Construction and confirmation of a lncRNAs signature
First, moderated t‐statistics method and Benjamini‐Hochberg procedure were used to identify distinct differential lncRNAs between normal tissues and TETs tissues, with P < 0.05 and the false discovery rate (FDR) <0.05 for filtration. Next, univariate Cox regression analysis was used to select RFS‐related lncRNAs that were statistically significant (P < 0.01). After primary filtering, a least absolute shrinkage and selection operator (LASSO) analysis was established to select candidate lncRNAs with penalty parameters tuning adjusted by 10 times cross validation.16 After layers of screening, the eligible lncRNAs were constructed as a classifier. The risk score formula was generated by integrating the RFS‐related lncRNA, weighted by their respective LASSO regression coefficients. According to this formula, each patient's risk score was calculated, and patients were divided into high or low risk groups on the basis of the optimal cutoff point, which was adopted in the maximum sensitivity and specificity by using a receiver operating characteristic (ROC) curve (time‐independent). The survival differences between high and low risk groups were further compared by Kaplan‐Meier analysis with a log‐rank test. Stratified analysis based on clinical characteristics (thymoma vs. TC, Masaoka stages I–II vs. Masaoka stages III–IV) was conducted to evaluate the discrimination ability of the lncRNAs classifier.

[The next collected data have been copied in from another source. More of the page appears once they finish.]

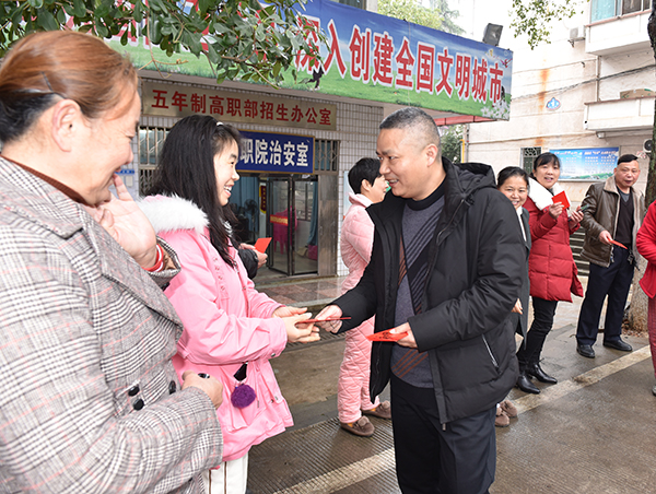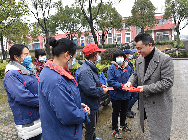 张征澜一行看望了保卫、宿管、网管、后勤、高职部、医卫校区、南校区、附属二医院值班工作人员,一一送上慰问红包,道一声“辛苦了”,祝愿大家度过一个快乐祥和的新年。(欧阳琦)
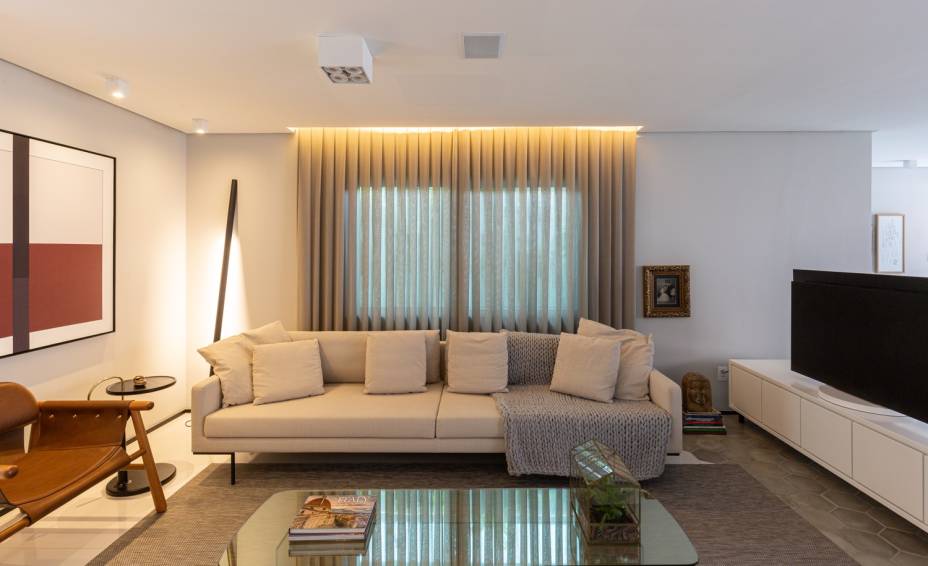 Ao todo, com 310 m², a casa teve seus interiores todos repaginados para receber os moradores. O convívio familiar foi o principal pedido deles aos arquitetos, que trataram de abrir os ambientes e integrá-los com a área externa. Antes, o quintal era pouco usado e na nova versão do imóvel, o espaço ganhou importância.
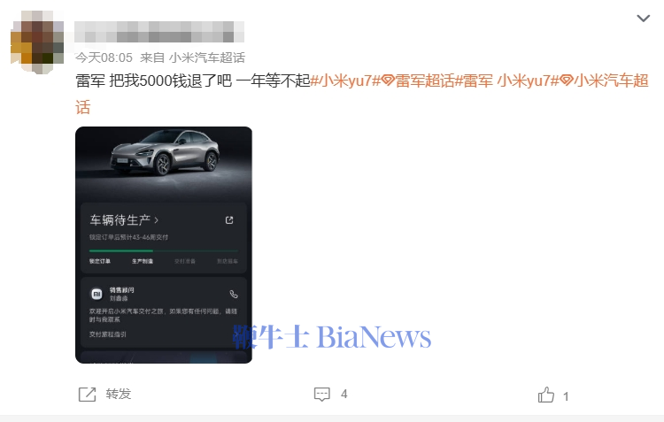 鞭牛士搜索发现,目前有多名销售表示了愿意全额补齐小米退定金的意愿。
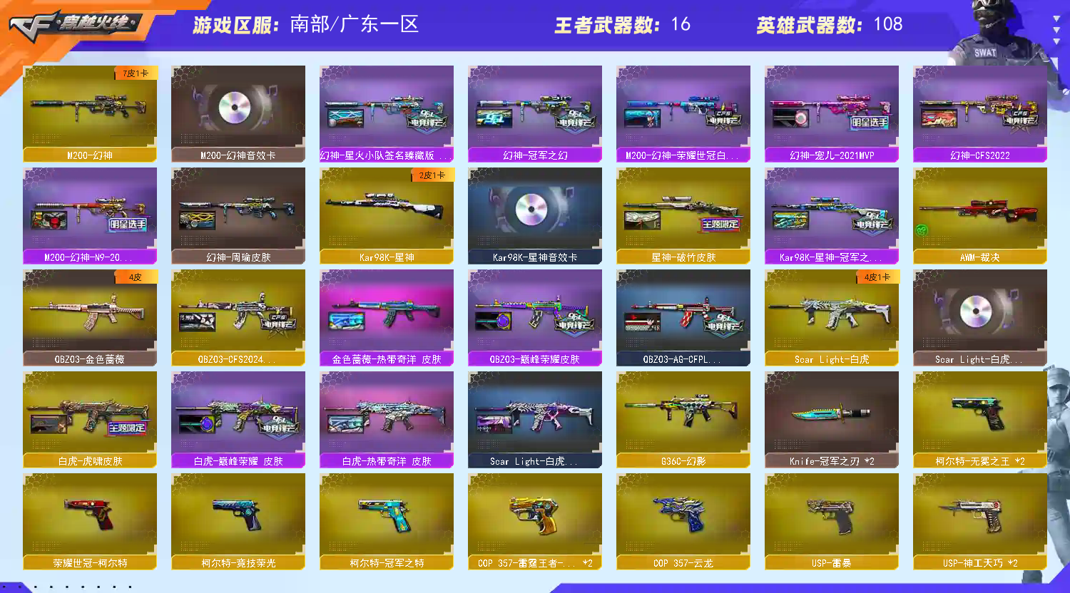 【幻神7皮3件套!!!】【星神3件套!!!】【白虎3件套!!!】【m200幻神+幻神音效卡+宠儿皮肤+星火小队皮肤+冠军之幻皮肤+荣耀世冠白鲨皮肤+n9皮肤+周瑜皮肤+cfs2022皮肤+柯尔特冠军之特+usp雷暴+柯尔特无冕之王*2+炽芒蝶刃+冠军之刃*2】【m200竞技荣光套装+电竞教官云悠悠】【98k星神+星神音效卡+冠军之星皮肤+破竹皮肤】【白虎+白虎音效卡+巅峰荣耀皮肤+虎啸皮肤+暗星皮肤】【qbz03金色蔷薇+ag冠军皮肤+巅峰荣耀皮肤+cfs2024皮肤+qbz03云龙】【g36c幻影】【神工天巧套装】【荣耀世冠套装】【毁灭+毁灭音效卡+荣耀之怒皮肤】【雷神+荣耀之魄皮肤+巅峰荣耀皮肤】【火麒麟+冠军之心皮肤+横秒之巅皮肤】【黑骑士+冠军之势皮肤】【王者凤吟 王者之心】【天启 身先士卒 战神 黑鲨 黑龙 机械迷城 黑骑士海王 无影神兵利器 黑武士 超新星 白虎电玩 超新星热带奇洋 黑武士锦绣游龙 天龙 暗月传说 极光 裁决 aa12雷霆 】——【热门武器/小人呛】【马呛 】——【柯尔特冠军之特 usp雷暴 柯尔特无冕之王*2 cop雷霆王者*2 cop云龙 usp神工天巧*2 荣耀世冠柯尔特 柯尔特竞技荣光 修罗】——【炽芒蝶刃 幻灵之锋 龙啸烈火龙威 龙啸热带奇洋 龙啸云海游龙 麒麟刺 擎天 擎天竞技荣光 荣耀世冠龙啸 屠龙 王者之刺 王者之锋 王者之啸 唐刀神工天巧 擎天云海游龙 屠龙动感闪耀】——【幻灵投掷武器套装+竞技荣光投掷武器套装*3+神工天巧投掷武器套装+云龙投掷武器套装】——【角色】【4防(电竞教官云悠悠 晴雅 鹰 王者凌霄 王者涂鸦 兰梨园特工 )】【葵 零】;USP-雷暴,柯尔特-无冕之王,荣耀世冠-柯尔特,柯尔特-冠军之特,炽芒蝶刃,Knife-冠军之刃,电竞教官-云悠悠,
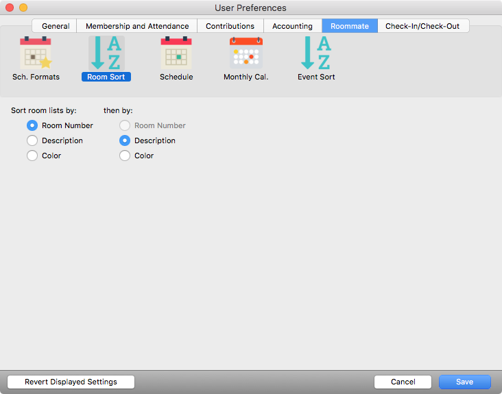 To change the sortation of this list, select User Preferences from the File or CDM+ Roommate menu and click on the CDM+ Roommate tab. Click on the Sorting icon. Use the radio buttons to indicate whether you want to sort the list by Room Number, Description or Color. Click Save. Click Revert to return the settings to the last saved state. You may change these sortation settings at any time by returning to this window.
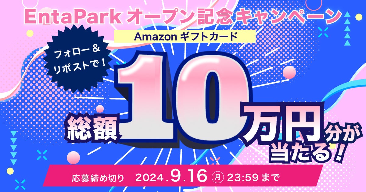 スポーツ報知を発行する報知新聞社(代表取締役社長・依田裕彦)は、この度、ウェブサイト「EntaPark(エンタパーク)」と「Baseball Post(ベースボールポスト)」を新しくオープンしました。オープンを記念して、Xアカウント(@entapark_jp)のフォロー&リポストキャンペーンを実施します。アカウントをフォローし、キャンペーンポストをリポストした方の中から抽選で15名様にAmazonギフトカード(総額10万円分)が当たります。
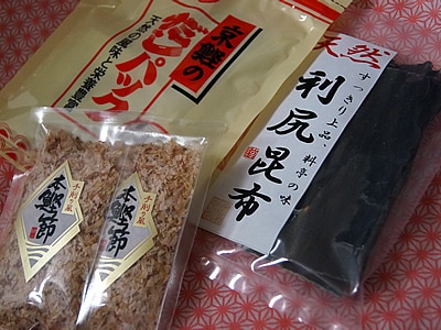 [原材料] かつおぶし(かつおの枯れ節ぶし)、だしぱっく(いわしのふし、さばのふし)利尻昆布
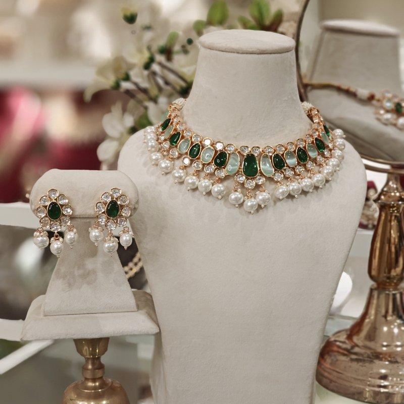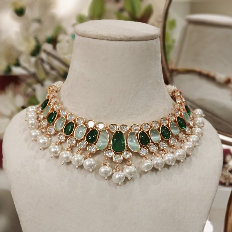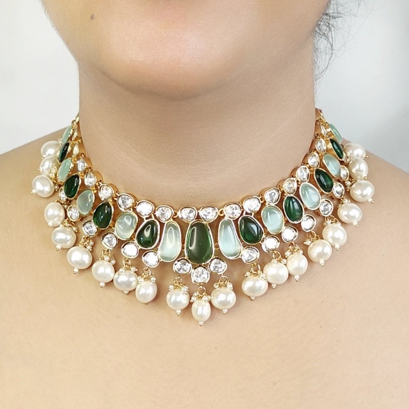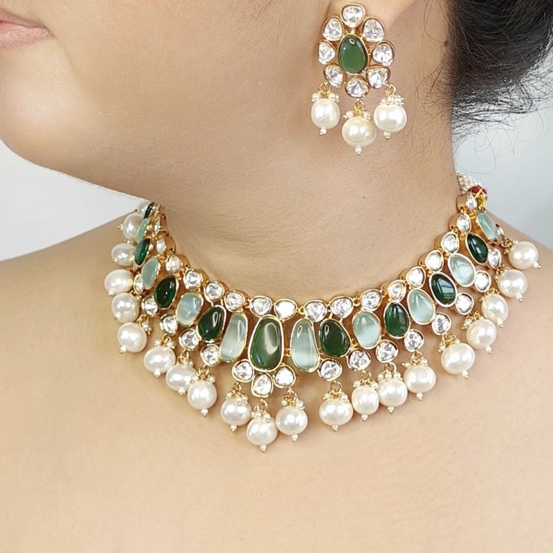 Stunning RANGOLI set crafted with uncut cz polki and beaded with oval pearl and studded with two tone Green monalisa stones ,plated in 18 kt gold .
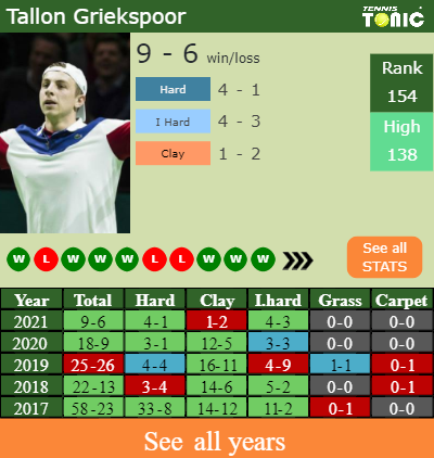 Tallon has a 9-6 win-loss record in 2021, 4-1 on hard (See FULL STATS).
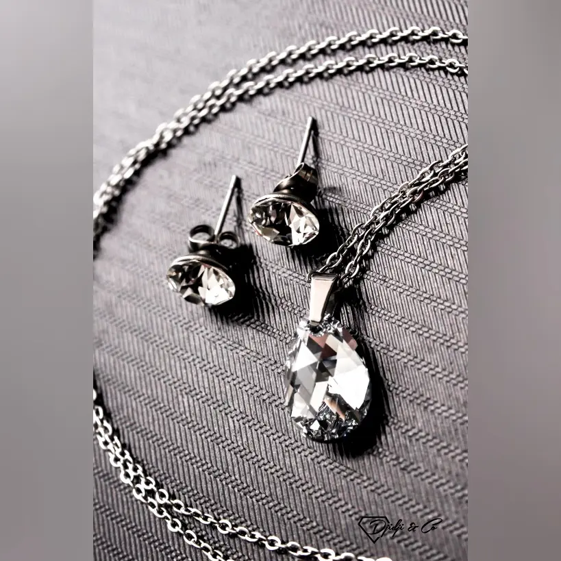 Privlačan i jednostavan izgled, praktičnost, vrhunski materijal i lako održavanje čine ovaj set odličnim izborom. Kombinacija naušnica na šaraf sa okruglim kamenjem u osnovnoj, bezbojnoj varijanti i lančića sa privjeskom u obliku badema i omiljenom bezbojnom efektu srerene komete. Flat oval lančić je varenih linkova i originalnog platinastog tona bez premaza, debljine je 1.5mm i standardne dužine 45cm sa jakom i ugodnom kopčom. Savršeno fasetirano kristal vel. 16mm privlaći srebrenkastom svjetlosnom refleksijom. Uz nenametljive naušnice na šaraf širine 6mm, ovaj set se savršeno uklapa u svakodnevne aktivnosti, od poslovnih do svečanih. Namijenjen osobama starijim od 16 god.
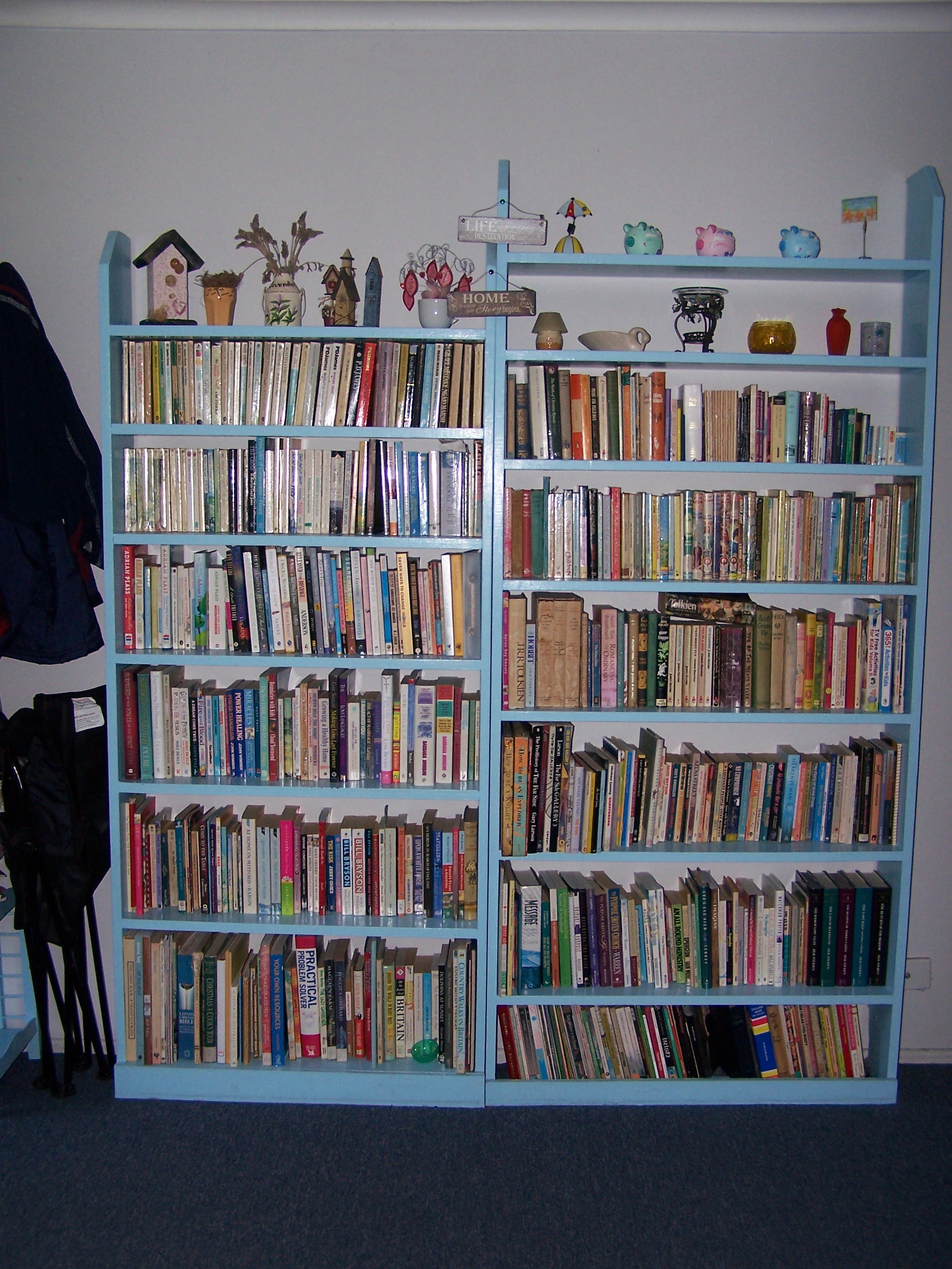 Here’s something I would find it hard to do without π I think of books as necessities, though! I do periodically go through my books, and give away any that we don’t need anymore. These two are our main bookcases. The rest of the house has smaller bookcases – two in our bedroom, one each in the boys’ rooms, and two (and a halfish) downstairs. Because of the cull last year, they are not all full at the moment. I’m sure they will be at some point.
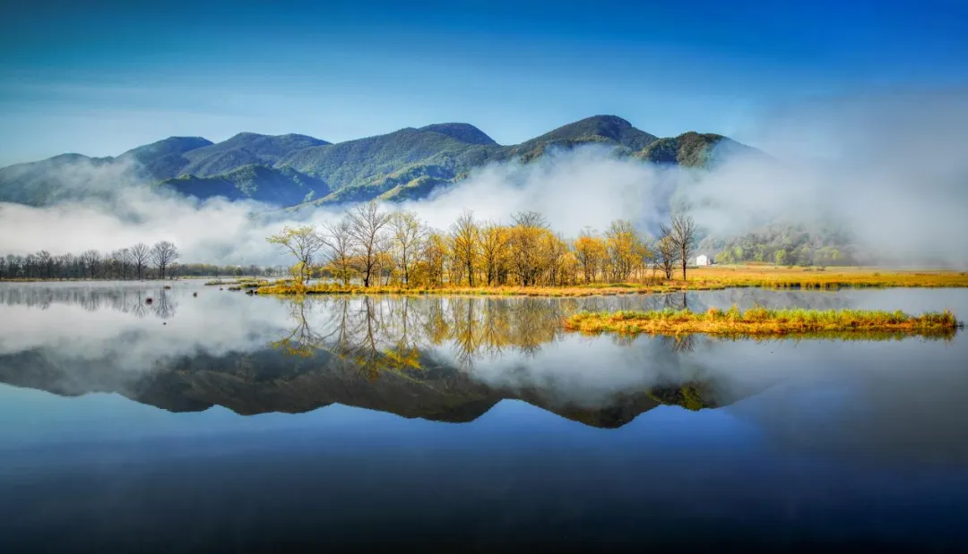 大九湖自然风光怡人,每片湖泊美得让人拍案叫绝,是很小众低调的出片圣地,这里“抬头见高山、地无三尺平”,被誉为“云间湿地”。
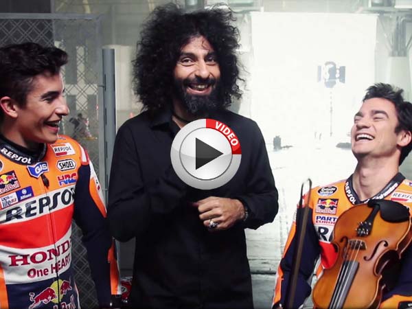 Ara Malikian is a Lebanese Violinist who showcases his speed on a Violin to Marquez and Pedrosa. The Repsol Honda duo also tries playing the Violin, however, you have to see it, to believe it how both of them play an instrument.

Function prediction of the prognostic lncRNAs
In TCGA dataset, according to their expression level, Pearson correlation algorithm is performed between the identified lncRNAs and the protein‐coding genes (mRNAs). The correlation coefficient > 0.4, P < 0.001 are considered significant correlation. The potential biological processes of the lncRNAs target genes were investigated by using Gene ontology (GO) and Kyoto Encyclopedia of Genes and Genomes (KEGG). Database for Annotation, Visualization and Integrated Discovery (DAVID) is a common bioinformatics tool (http://david.abcc.ncifcrf.gov/, version 6.8),17 which is used to explore the biological functions of the selected lncRNAs. P‐values corrected with a false discovery rate (FDR) <0.05 for GO analysis and KEGG pathways are considered remarkably enriched functional annotations.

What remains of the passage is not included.